_Instructions for the task_
Among the entries below, only the lines from the one with "Noi, Societatea Civilă" through the one with "The design features" are to be retyped, exactly and without pictures.
---- Provided data
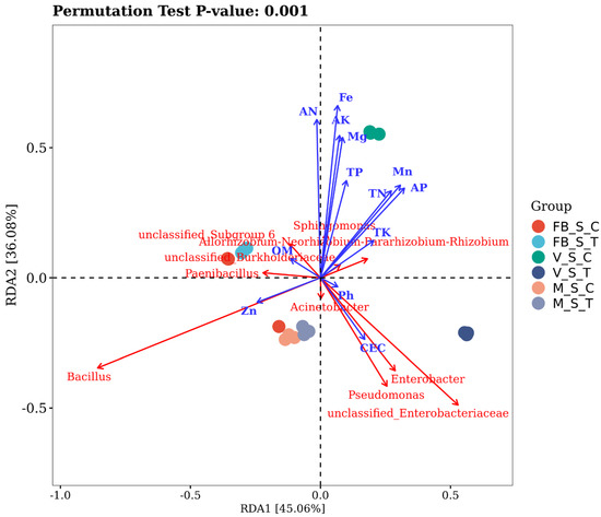 Soil chemical properties are in Table 2 and Supplementary Materials Figure S7. The relation of the soil chemical properties towards the structuring of the bacterial community was explored by constituting a redundancy analysis, which indicated that the soil nutrition, growth stage and root-zone restriction technique are the primary driver of the bacterial diversity in the soil. The two axes of the RDA plot explain 81.14% of the total variation caused by the soil factors with the Monte Carlo permutation p < 0.001 and the corresponding correlation factor r2 (Figure 4). The soil pH (r2 = 0.48) significantly affected the abundance of unclassified Enterobacteriaceae, whereas cec (r2 = 0.31) provoked the abundance of Enterobacter and Pseudomonas in VST. Zinc (r2 =0.62) turned out to be the major contributor to the diversity of Bacillus sp at MSC and MST. OM (r2 = 0.47) considerably regulated the bacterial community at FBST, and the most affected genus was Allorhizobium-Neorhizobium-Pararhizobium-Rhizobium. AN (r2 =0.61), TN (r2 =0.38), AK (r2 = 0.59), TK (r2 = 0.0.41), AP (r2 = 0.34), TP (r2 = 0.24), Mg (r2 = 0.49), and Mn (r2 = 0.0.34) were responsible while Fe (r2 = 0.73) being most correlated with Sphingomonas at VSC in terms of shaping the bacterial population and Devosia, Pseudolabrys and Duganella were the most affected genera.
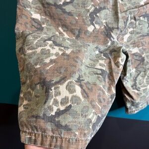 These Stussy cargo shorts in green and brown offer a modern twist on classic outdoor wear. Crafted from durable cotton, they are perfect for casual outings with their comfortable fit and stylish design.
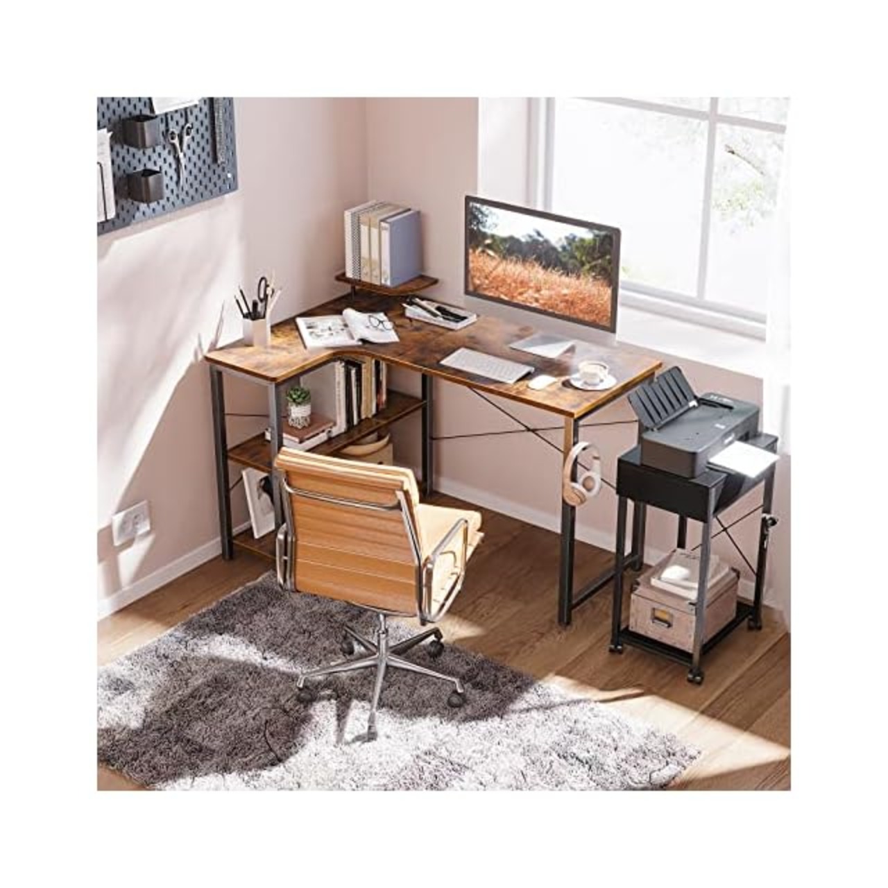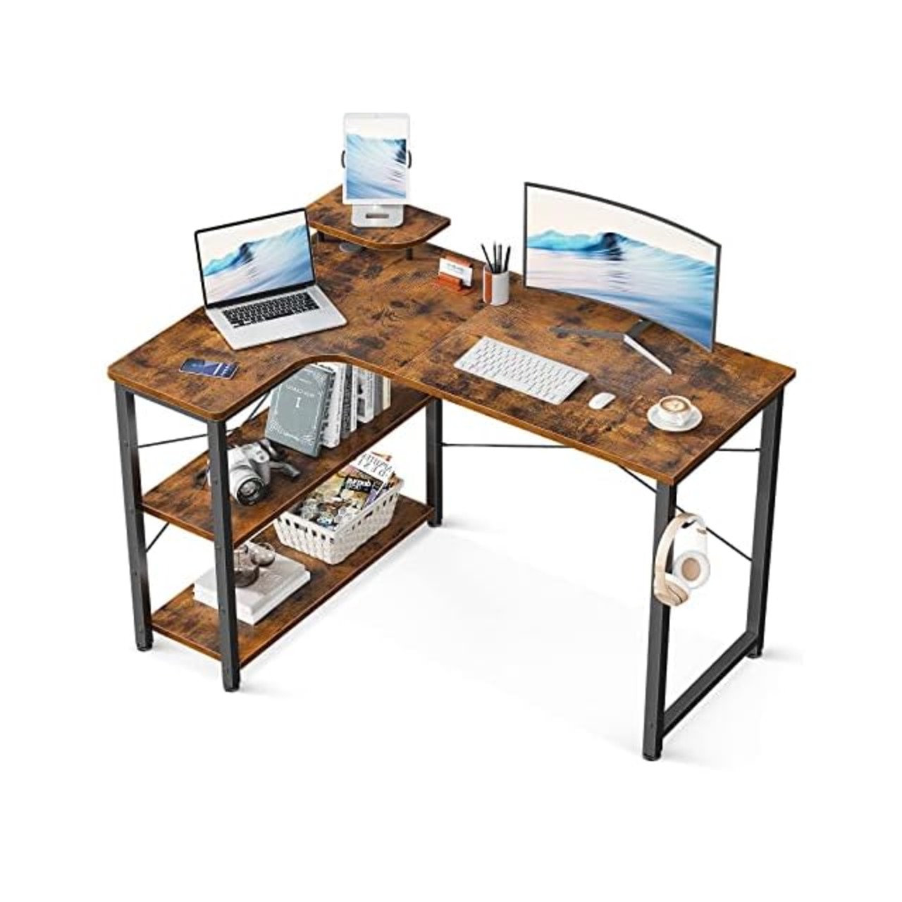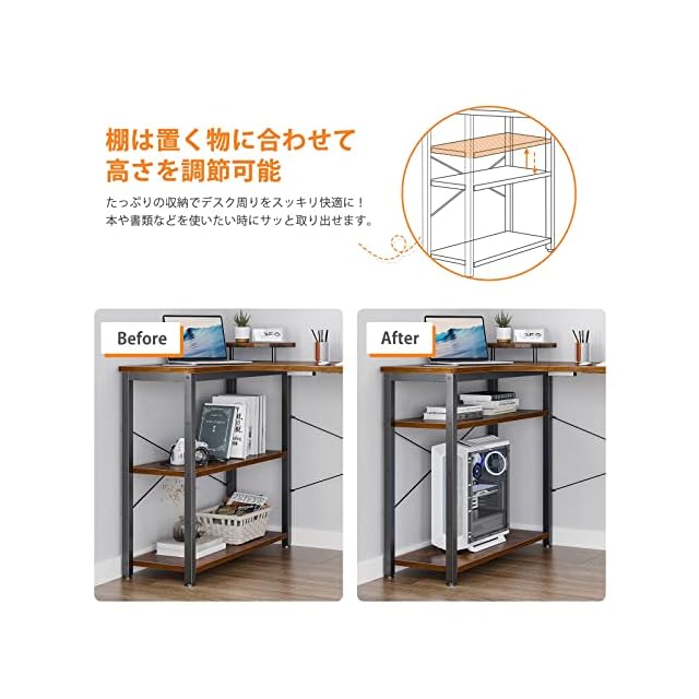 【ラック付きデスク】デスクの足元には一体型のラックが備え、本や書類などを使いたい時にサッと取り出せます。また、L字型のデザインで部屋のコーナーを最大限に活用でき、ご家庭でもオフィスでも、日常の操作に十分なスペースを確保できます。
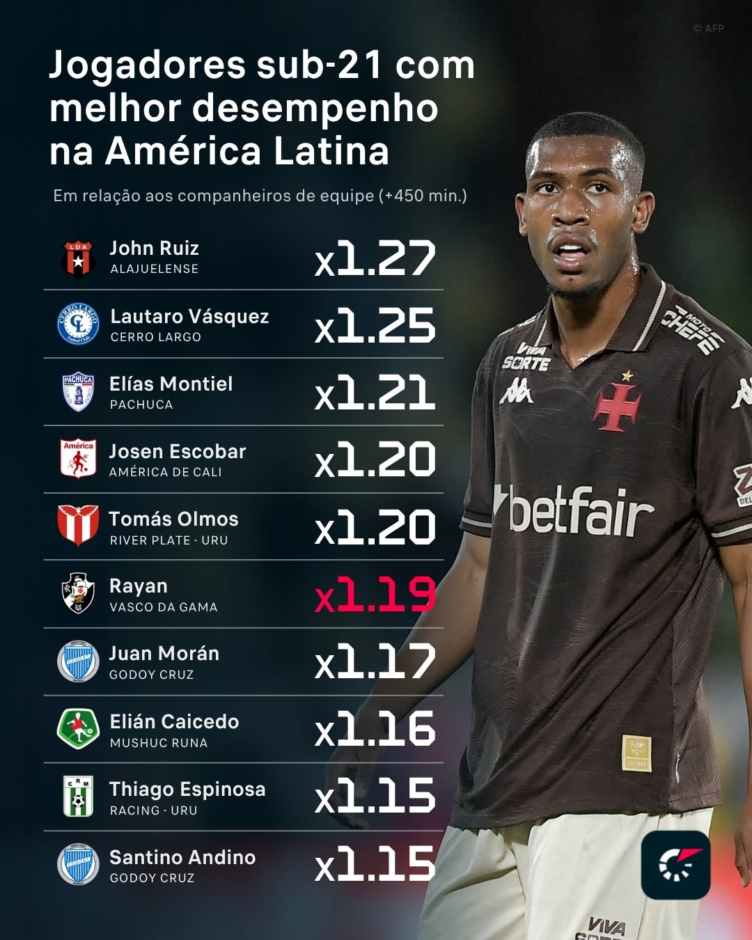 O Observatório Internacional do Futebol (CIES) revelou os jogadores Sub-21 com desempenho mais destacado em relação aos colegas na América Latina, e Rayan, do Vasco da Gama, figurou entre os 10 melhores da lista. 😍
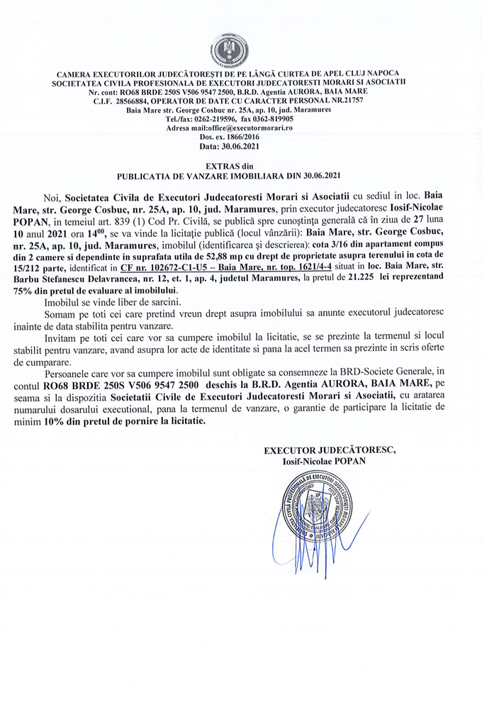 Noi, Societatea Civilă Profesională de Executori Judecătorești Morari și Asociații cu sediul în loc. Baia Mare, str. George Coșbuc, nr. 25A, ap. 10, jud. Maramureș, prin executor judecătoresc Iosif-Nicolae POPAN în temeiul art. 839 (1) Cod. Pr. Civilă, se publică spre cunoștința generală că în ziua de 27 luna 10 anul 2021 ora 14.00, se va vinde la licitație publică (locul vânzării): Baia Mare, str. George Coșbuc, nr. 25A, ap. 10, jud Maramureș imobilul descris în documentul de mai jos:
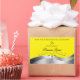 The design features a noble shimmery wavy silver decoration with soft glitter stars and a yellow background.
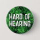 This tropical button features the slogan 'Hard of Hearing' in a bold white font, over a pattern of dark green palm leaves. You can edit the text as needed. A great gift for your father who wears hearing aids. ⭐ For more physical health pins, visit my store Zazzle.com/Elder_Vitality ⭐ For custom orders, message me on Zazzle
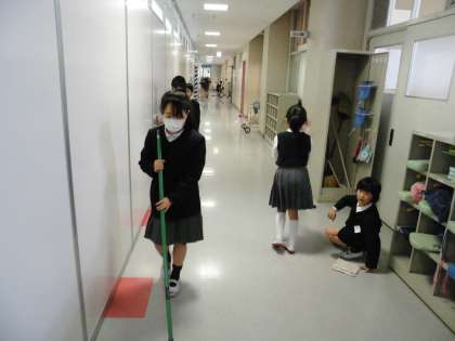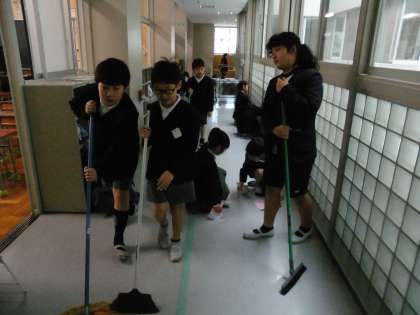 今週は、ピカピカ週間として、今年度最後の友だちグループ清掃を行いました。普段と違ったメンバーで、普段と違った場所を掃除することで、学校中がピカピカになりました。高学年が低学年に優しく掃除の仕方を教えている姿も見られました。
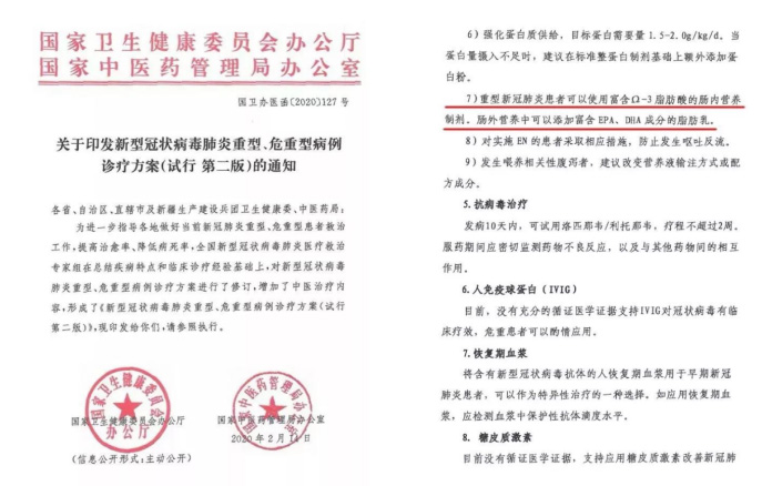 原文指出:“重型新冠肺炎患者可以使用富含Ω-3(Omega-3)脂肪酸的腸內(nèi)營養(yǎng)制劑。
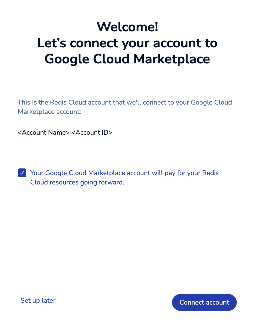 After you connect your Redis account to your Google Cloud Marketplace account, a message appears in the upper left corner of the account panel.
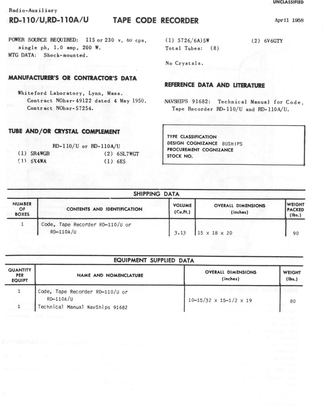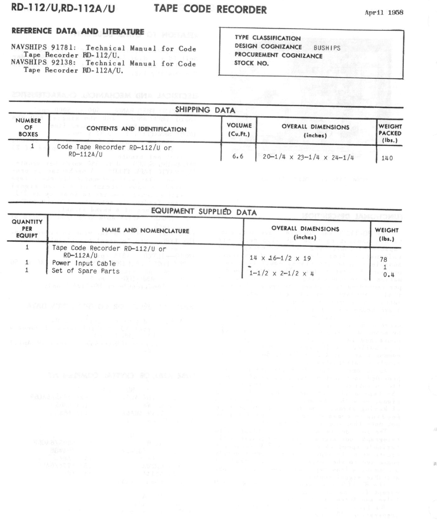 Manf by McElroy - 1954 RD-112/U - NAVSHIPS 91781 |
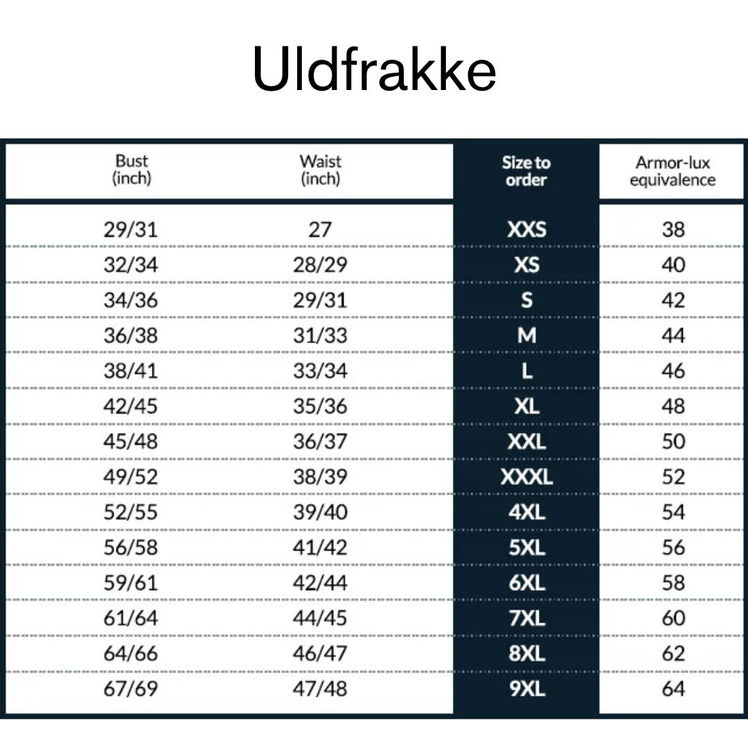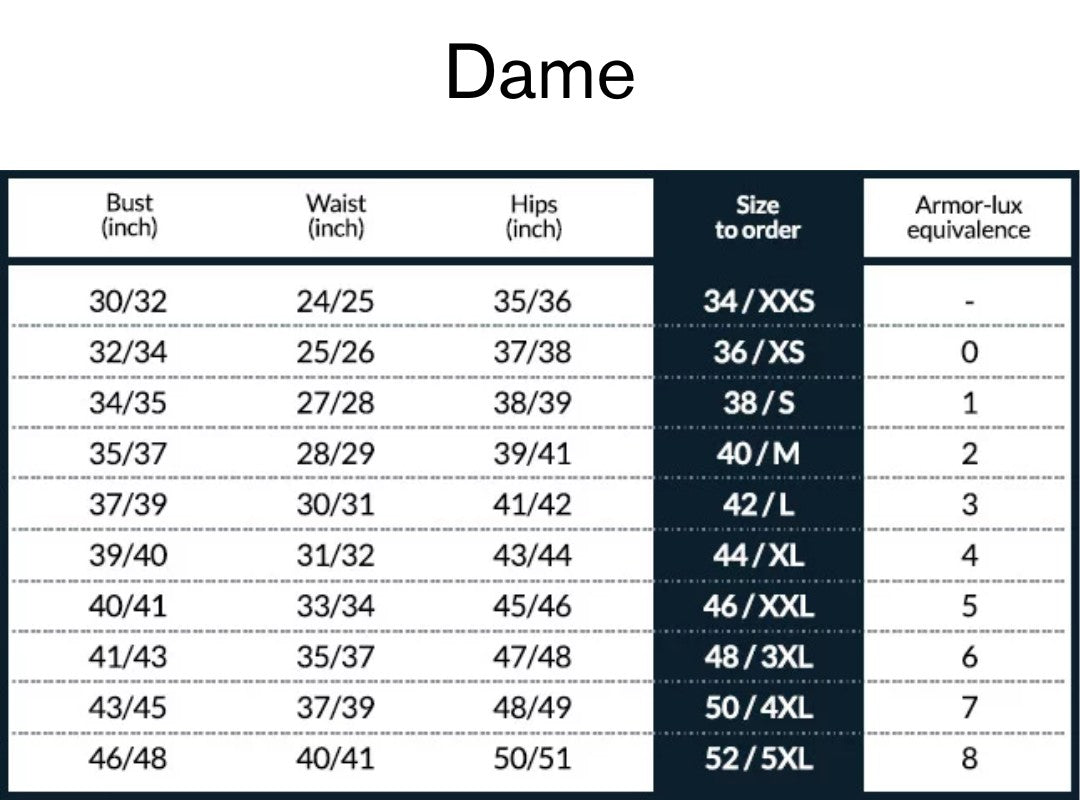 Armor Lux er et fransk mærke, hvorfor størrelserne er opgjort i tommer.
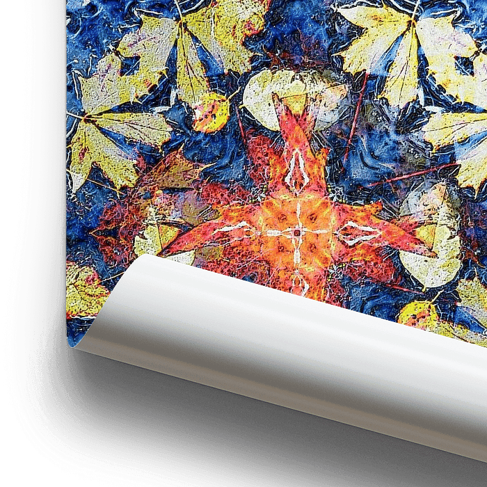 Een caleidoscopisch beeld dat door zijn kleur enigszins doet denken aan traditioneel Delfts blauw aardewerk, en dat gebaseerd is op een foto van bladeren drijvend in een vijver in de herfst.
--------
_Your response_
 Noi, Societatea Civilă Profesională de Executori Judecătorești Morari și Asociații cu sediul în loc. Baia Mare, str. George Coșbuc, nr. 25A, ap. 10, jud. Maramureș, prin executor judecătoresc Iosif-Nicolae POPAN în temeiul art. 839 (1) Cod. Pr. Civilă, se publică spre cunoștința generală că în ziua de 27 luna 10 anul 2021 ora 14.00, se va vinde la licitație publică (locul vânzării): Baia Mare, str. George Coșbuc, nr. 25A, ap. 10, jud Maramureș imobilul descris în documentul de mai jos:
 The design features a noble shimmery wavy silver decoration with soft glitter stars and a yellow background.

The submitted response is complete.